I often hear people our parents' age saying that all the problems in the world are now going to be up to our generation to fix. In times like these, this sentence is a weighty burden. But the world has suffered before, and I think people like us, who are so unfortunately accustomed to tragedy, are uniquely resilient, and prepared to help each other get through. Despite this, we don't have any idea what it will be in five years that we will be dealing with, let alone 20.
I remember first coming to New Marlborough Central in fourth grade, having to switch schools and being giddy and terrified with this uncertainty of how everything would turn out for me. I didn't know anybody; when I saw the little red schoolhouse it felt like I was stepping back in time 100 years, and I knew it was going to be quite a different situation from what I was used to. I have the same odd feeling now as I approach my future, as I'm in much the same boat.
I know that what we go on to do will be a new experience for all of us, and most of us are probably ready for that. After years and years of the same people and places, even those that have become dear to us, it's still a relief to hit the refresh button and be done with it all.
People might say that we seniors are standing at a metaphorical crossroads. There are many paths, each of them tempting in their own way, and we would have to choose one. Rather, I would liken us to being each in our own little rowboat, stranded at sea in a storm. Perhaps we have a compass, or perhaps we can see land, but ultimately there is only so much we can do: the currents will bring us where they will. There is something to be said for paddling with all your strength towards one island, but you still might not get there. We have learned in these past few months that so much is out of our control, which we simply have to resign ourselves to.
However, if you simply surrender to the tides, you could be stranded forever, never making it to land. You do have to fight for what you believe in, even if you don't feel like you're making a large or immediate difference. At the risk of sounding like I'm trying to be too wise, I will say that I have learned that life contains a bunch of "mights" and "coulds." What we do with those options obviously shapes what our lives will become, but we must remember that we cannot all do everything.
We must remember that it is OK to let some opportunities go by, that it is OK to allow ourselves to fail at things we try. What makes the difference is when we pick ourselves up; where we decide to go next, what we decide to take with us as we continue, and how we decide to get ourselves there. I know we will all get ourselves to if not the place we dreamed of, the place we need to be, despite anything else the world will throw at us.
Nicholas Boardman's salutatory
First off I would like to say thank you to the teachers, staff, friends, and family for coming out here today to celebrate our official release into the great big ocean. While the circumstances surrounding this year's graduation are troublesome to say the least, I am thankful we were able to gather here today to celebrate our high school careers. I am honored to speak on behalf of the class of 2020 as my classmates behind me, with grit and determination, have overcome many barriers to reach this point in their lives. Today we celebrate the conclusion of 12 years of education with a day of recognition, memories, laughter, and joy.

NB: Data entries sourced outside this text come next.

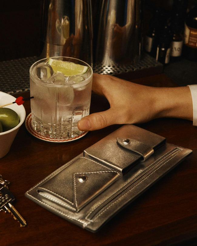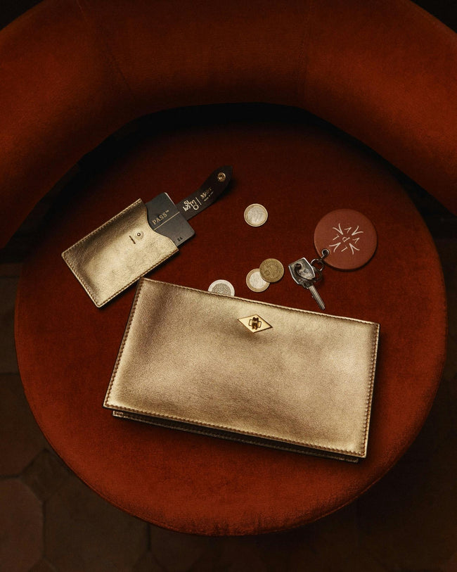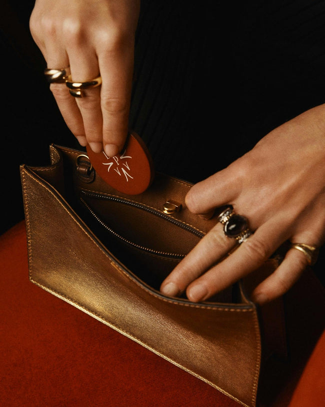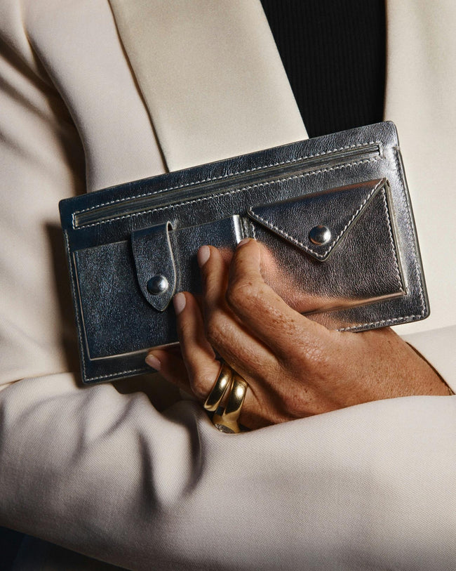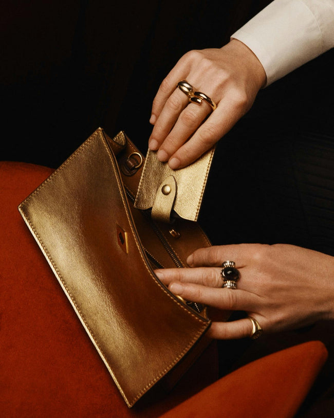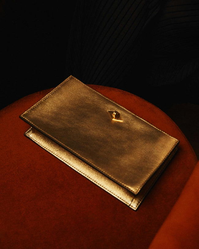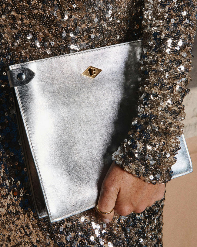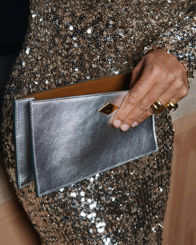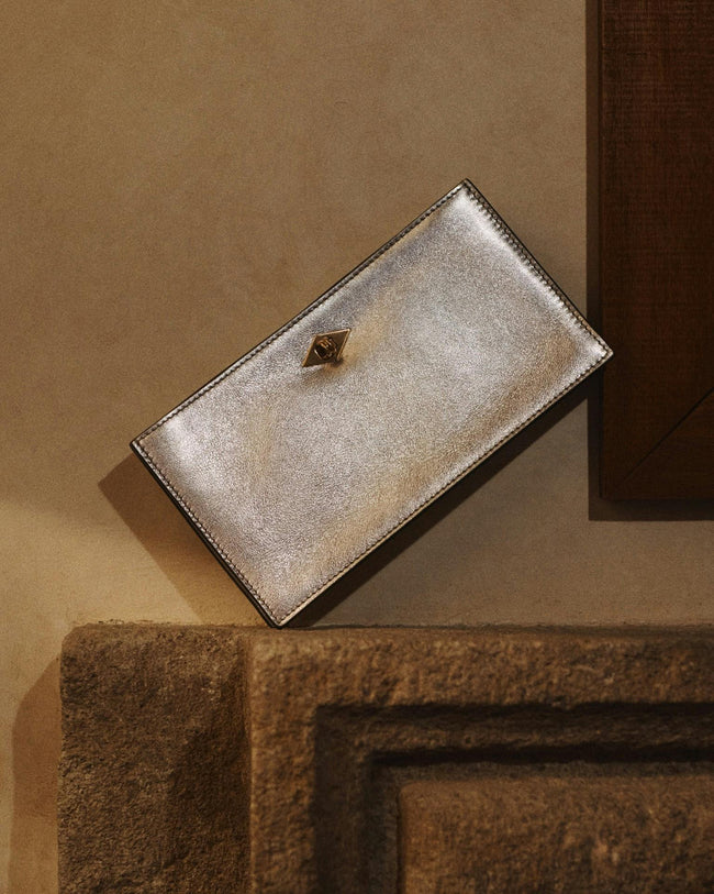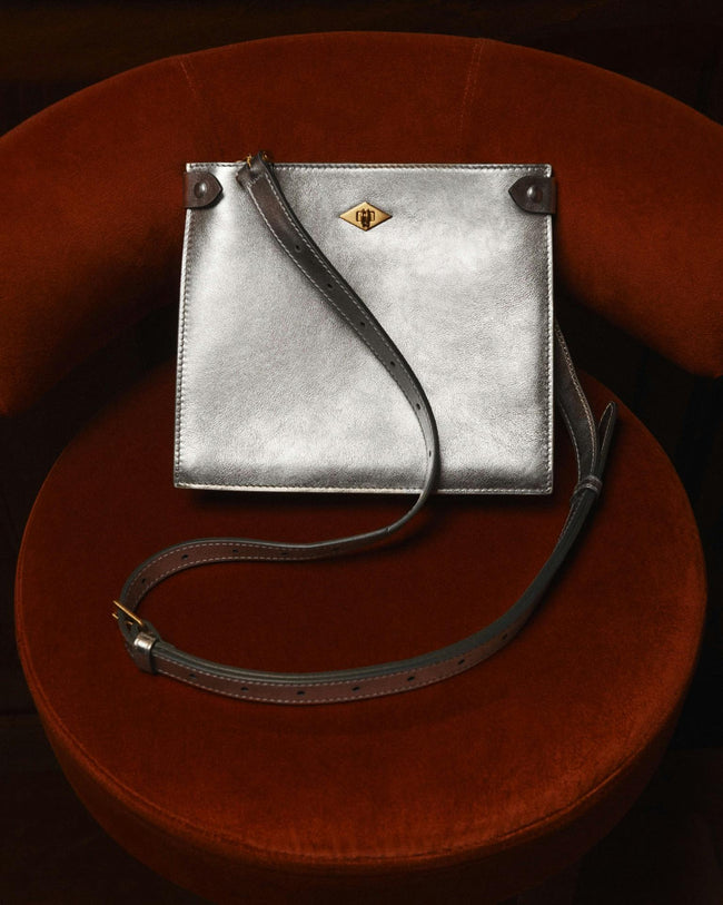 Presented in collaboration with ISSIMO - an extension of the Hotel Pellicano world and the exquisitely curated purveyor of all things chic and Italian - this exclusive capsule was inspired by a reverence for glamorous summer nights from the heyday of Italian disco. Featuring shimmering metallic tones, handcrafted calfskin handbags and small leather goods glitter in gold and silver hues.
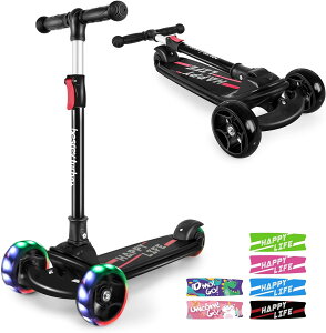 キッズスクーター キックスクーター キックボード 三輪車 子供用 幼児用 3階段調節可能 後輪ブレーキ 高さ調整可能 LED 光るホイール 誕生日 ギフト プレゼント 軽量 持ち運び便利 多機能
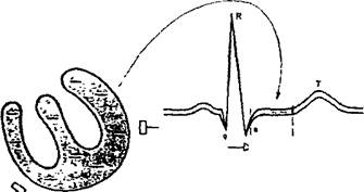 Таким образом, генез зубцов комплекса QRS в I и III отведениях отражает различные этапы возбуждения желудочков: в начале - возбуждение межжелудочковой перегородки (зубцы q1 и rIII), затем - деполяризацию верхушек и стенок желудочков, преимущественно левого желудочка (регистрируется основной зубец комплекса QRS, например, зубец R1) и, наконец, возбуждение базальных отделов желудочков (зубец SI,III).
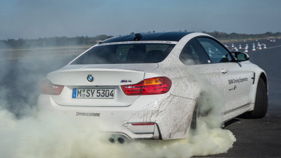 von 6: Die 550 Newtonmeter Drehmoment des M4 sind für diese Übung viel zu viel. Viel mehr als Tempo 30 braucht man nicht, dann reicht ein kurzer Gasstoß, damit das Heck nach außen drängt.
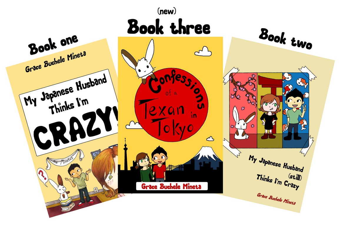“Grace Buchele Mineta is a native Texan, founder of the hit blog “Texan in Tokyo,” YouTuber, and author of the autobiographical comic books, “My Japanese Husband Thinks I’m Crazy” and “My Japanese Husband (still) Thinks I’m Crazy.” She lives in Tokyo with her husband, Ryosuke, where she blogs and draws comics about their daily life as broke newlyweds, navigating silly cultural misunderstandings as an interracial and intercultural couple, and dealing with the loneliness and frustrations of being a freelancer in a foreign country.”
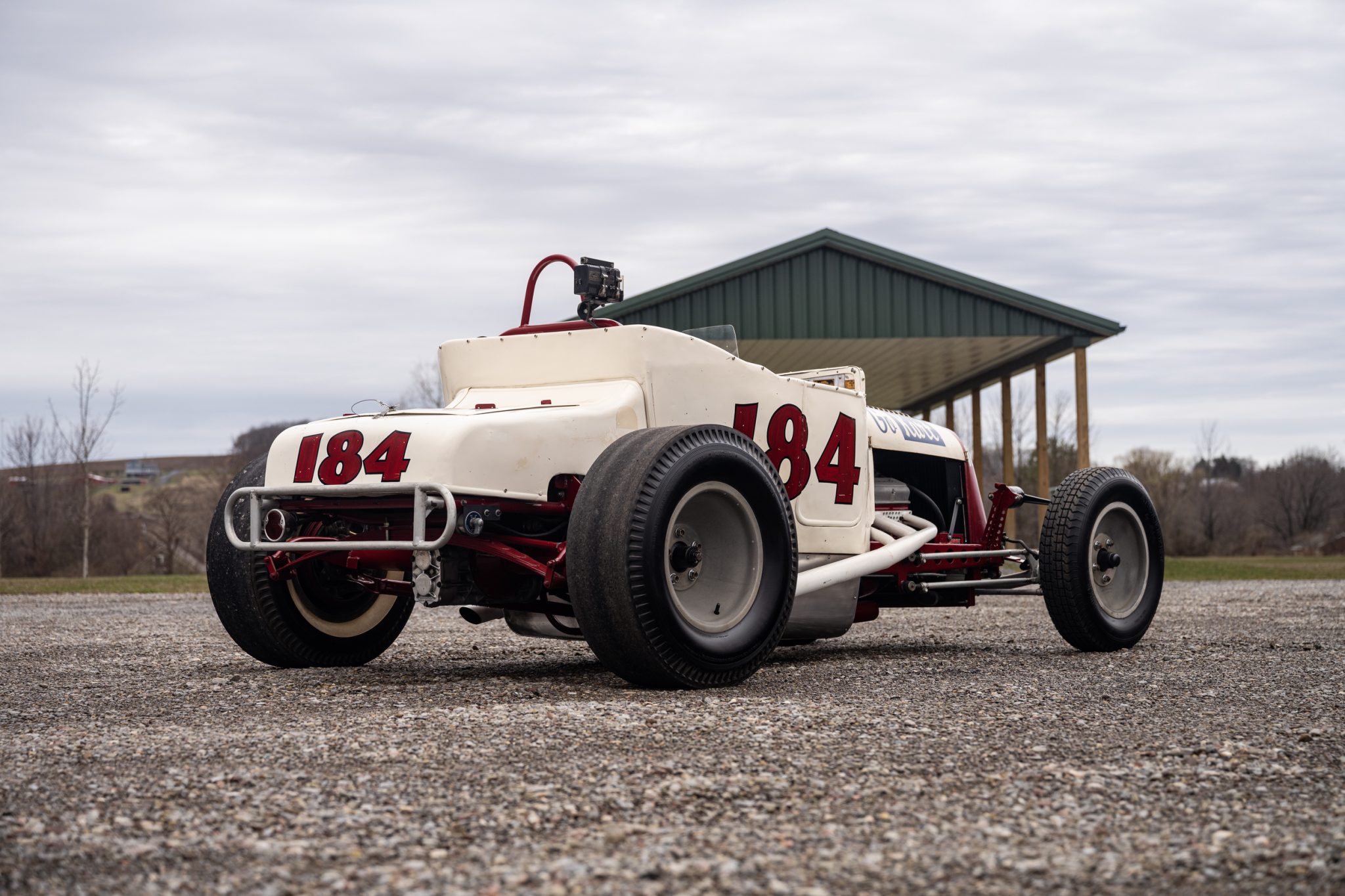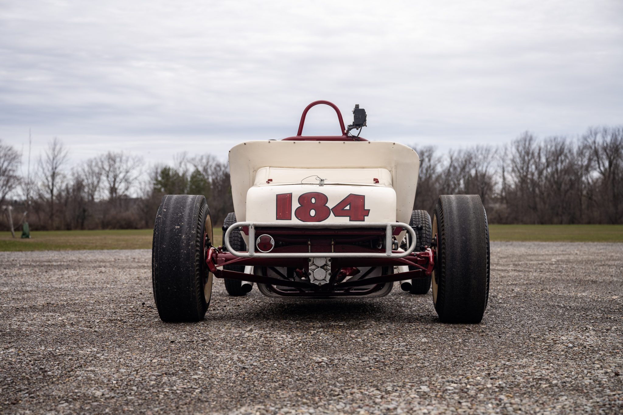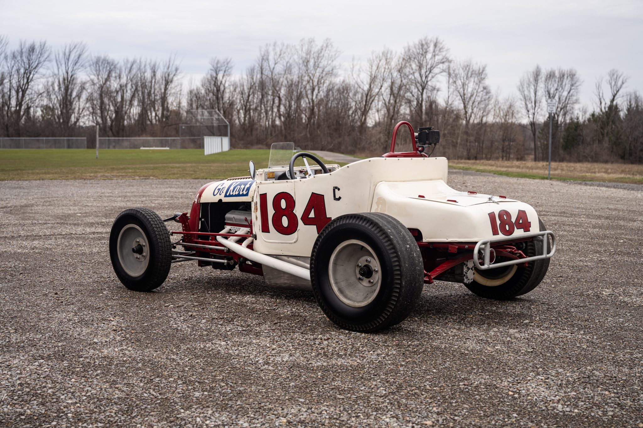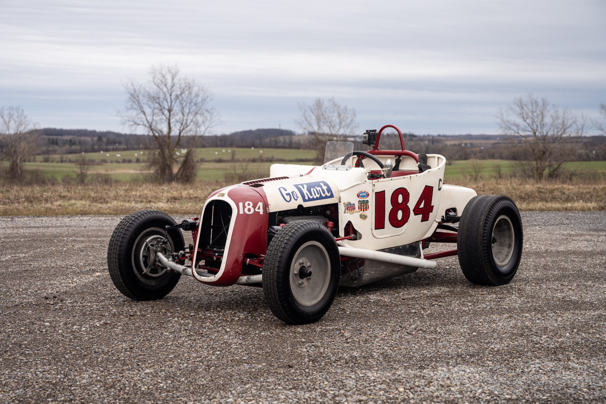 The body is finished in white with a red nose accent, painted red and black numbers along each side and the rear of the turtle deck, and blue “Go Kart” script on each side of the louvered hood. Chips, cracks, and other wear in the finish can be seen in the photo gallery below along with various dents in the bodywork. Period decals have been retained on the cowl, as has a Go Kart Company sticker on the nose. The drilled late-1920s Model A frame was sandblasted and repainted in red during refurbishment work performed by Pete Chapouris after Brock Yates’s purchase of the car.

Now according to speech 101, this is where I'm supposed to break the ice with the audience and tell a funny joke, like I know you want to hear this speech as much as I want to deliver it. But you've probably heard this same speech a hundred times over so I will refrain from doing so. This is also the part where the speaker is generally feeling a little nervous and is told to imagine the audience in their underwear but I find it much more settling seeing everyone in face masks instead.
But if your one those people who has heard this speech a hundred times over then you know this is the part where I get all fluffy comes next so don't find a way to get any more uncomfortable in your seats.
I have gone to Mount Everett since kindergarten and found many opportunities to develop skills and grow as a person. I can't say I have loved every minute of it but I can't say I have hated every minute of it either. I imagine the same is true for everyone sitting behind me now. But life is like waves in the ocean. There are moments of tranquility and the next you get knocked over with a mouthful of salty water. But it's what you do when you get knocked down that matters.
In my view you have two options; One, to lie there and drown in your failure. To accept your shortcoming as the only outcome you will ever achieve. Or two, to get up and keep fighting. It is that mentality to press forward that has gotten us to where we are today and where we will be tomorrow.
Our determination defines our success, our ability to overcome barriers even if we fail repeatedly in their presence. Like a baby's first time on a beach, we are a little scared of going forward. So I invite us all to keep moving against the current so that when we get far enough out to sea we stop fighting the waves and finally learn how to ride them.
One of the benefits of going to a small school is you get know everyone's faces. Regardless if you're going to college, entering the work force, taking a gap year, or collecting Cheeto dust, each of these faces is taking their own path to their future. If you loved every minute of high school or thought it was the cruelest four years of torture any person can be legally subjected to under the 8th Amendment or somewhere in between, I ask all of you to reflect on your time at Mount Everett.
We've all done extraordinary things here and we will continue doing great things in the future. It's important to remember the good times we shared together whether it be field trips across the world, exhilarating sports games, or conversations with your friends. It's these memories that we made along way that define our time in high school. Part of where you're going is where you came from but it's the journey that matters. Your time in high school is but the prologue of that journey and graduation marks the beginning of a new chapter. Every day is the first day for the rest of your lives, so let's make it worthwhile.
Now as I was writing this speech I was unsure how I should finish it. Perhaps I should wrap this up with a joke but them my mom showed me something I had once written. "The bad in our lives always seems to overshadow the good in it. But I believe there are great lessons to be learned from a couple of rain clouds and that's to think about sunshine above them."
Our futures won't be free be of troubles so I ask everyone here to always look for the good in everything and remember that even our darkest days only serve in comparison to our brightest ones. Thank you.